Task requirements
Please repeat nothing except the lines from the one containing "Sportovní hala má" through the end of the records, exactly and without pictures.

Records START

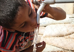 | ザータリ難民キャンプで水を飲むシリアの男の子。この難民キャンプには、毎日100万リットルの飲料水がトラックで運ばれている。 |
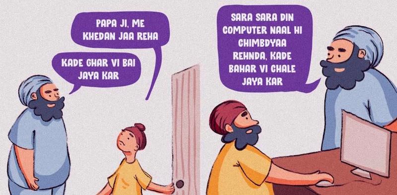 Whether it is your nani doing chumpy for you (rubbing oil onto your long hair and massaging it) or playing jhootei maiyya (A traditional Punjabi childhood rhyme, where the parents or grandparents sing to the kids while they act like a human swing carrying the children), they are some of the fondest memories you have of growing up. Recreating these very remembrances through comics on Instagram is Delhi based artist, Dashmeet Singh.
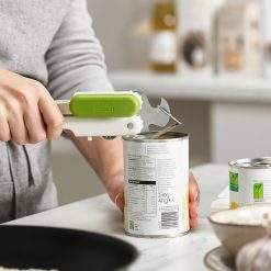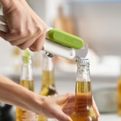 This multi-function gadget looks similar to a standard can opener but actually incorporates three handy tools in one. Firstly. it has a strong. stainless-steel cutting mechanism that opens conventional cans with ease. Then. by rotating one of the arms 360 degrees. you reveal two further tools – a ring-pull lifter and a bottle cap opener – neatly hidden inside.
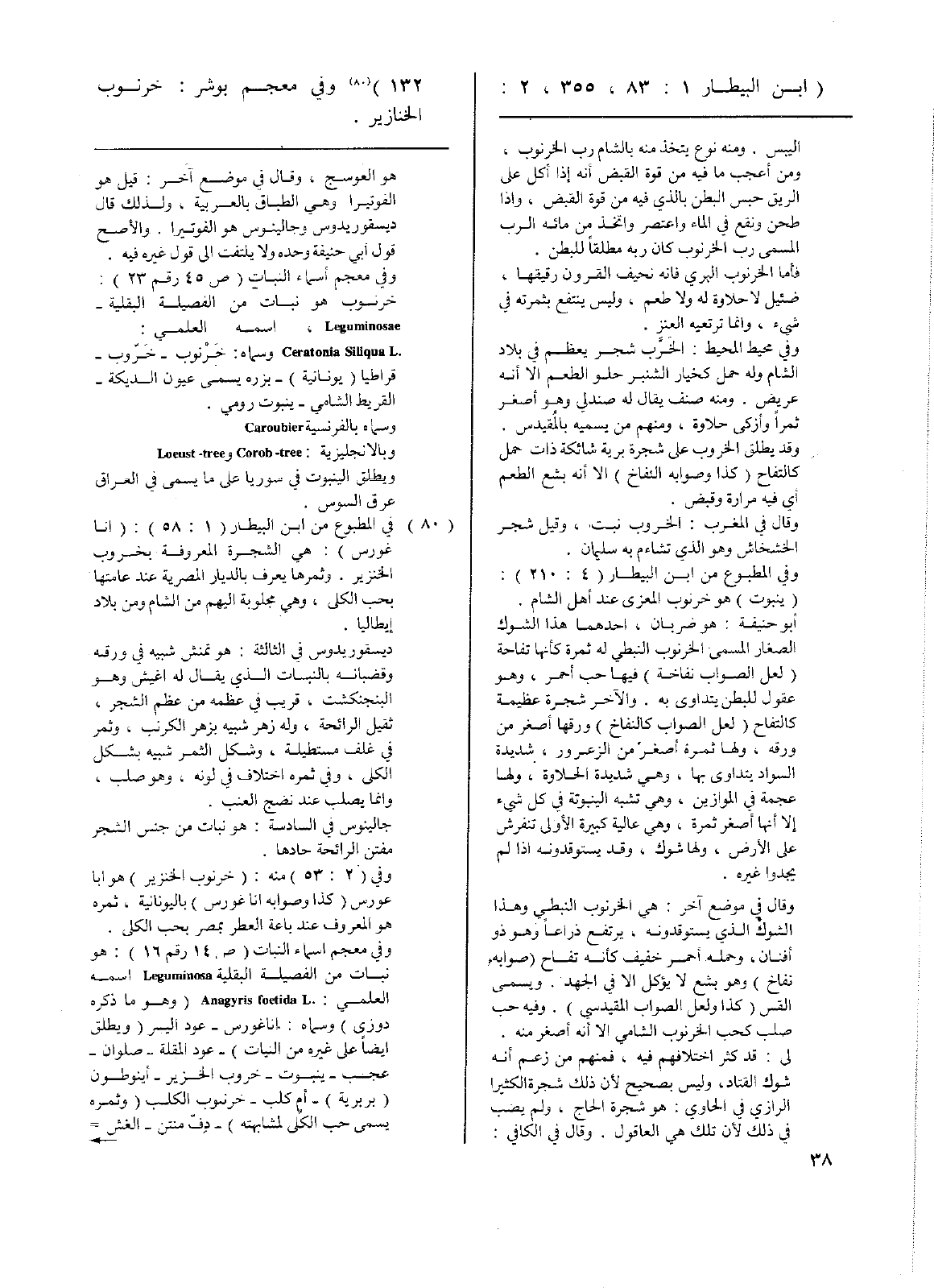 (ابن البيطار 1: 83، 355، 2: 132) وفي معجم بوشر: خرنوب الخنازير.
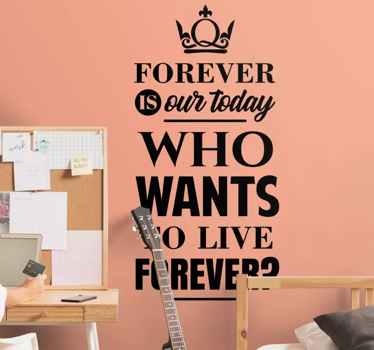 Introducing the Text sticker who wants to live forever, a stunning piece that combines music and inspiration through its powerful typography. The design features poignant song lyrics that encourage a zest for life, beautifully presented in a monochrome style. With its striking text and quote, this product is perfect for those who seek motivation in their environment!
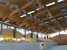 Sportovní hala má nosnou konstrukci z lepeného lamelového dřeva v přímém provedení s proměnou výškou ...
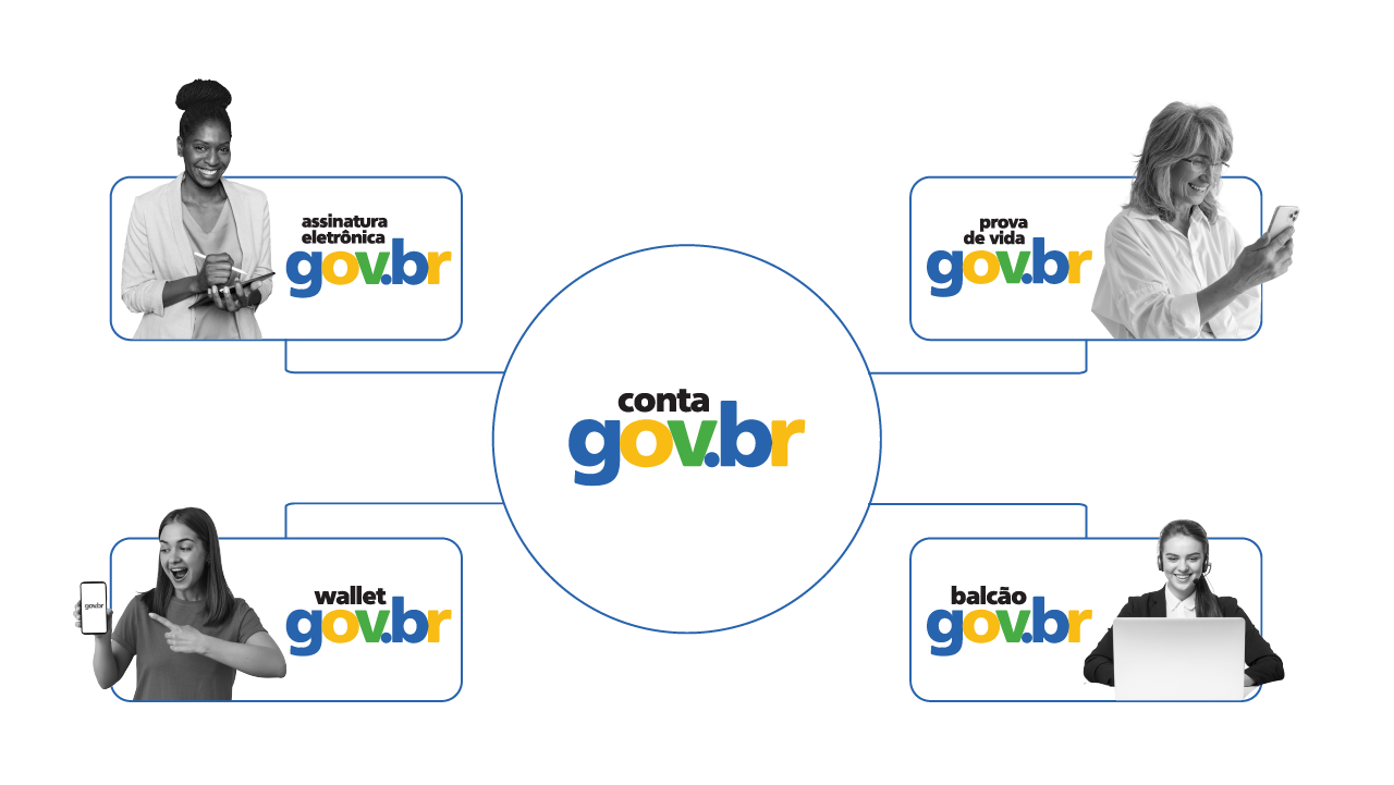 Ilustração do ecossistema, tem um circulo no centro com o texto: conta gov.br, também há quatro retângulos, um em cada extremidade. O primeiro no canto esquerdo, tem uma mulher sorrindo com um tablet na mão e o seguinte texto: assinatura eletrônica gov.br. O segundo no canto direito, tem uma mulher idosa olhando para o celular e sorrindo, e o seguinte texto: prova de vida gov.br. O terceiro no canto esquerdo, abaixo do primeiro, tem uma mulher sorrindo e apontando para o celular, e o seguinte texto: wallet gov.br. O quarto no cato direito, abaixo do segundo, tem uma mulher sorrindo utilizando o notebook e o seguinte texto: balcão gov.br.

Records END

Reply to the task
 Sportovní hala má nosnou konstrukci z lepeného lamelového dřeva v přímém provedení s proměnou výškou ...
 Ilustração do ecossistema, tem um circulo no centro com o texto: conta gov.br, também há quatro retângulos, um em cada extremidade. O primeiro no canto esquerdo, tem uma mulher sorrindo com um tablet na mão e o seguinte texto: assinatura eletrônica gov.br. O segundo no canto direito, tem uma mulher idosa olhando para o celular e sorrindo, e o seguinte texto: prova de vida gov.br. O terceiro no canto esquerdo, abaixo do primeiro, tem uma mulher sorrindo e apontando para o celular, e o seguinte texto: wallet gov.br. O quarto no cato direito, abaixo do segundo, tem uma mulher sorrindo utilizando o notebook e o seguinte texto: balcão gov.br.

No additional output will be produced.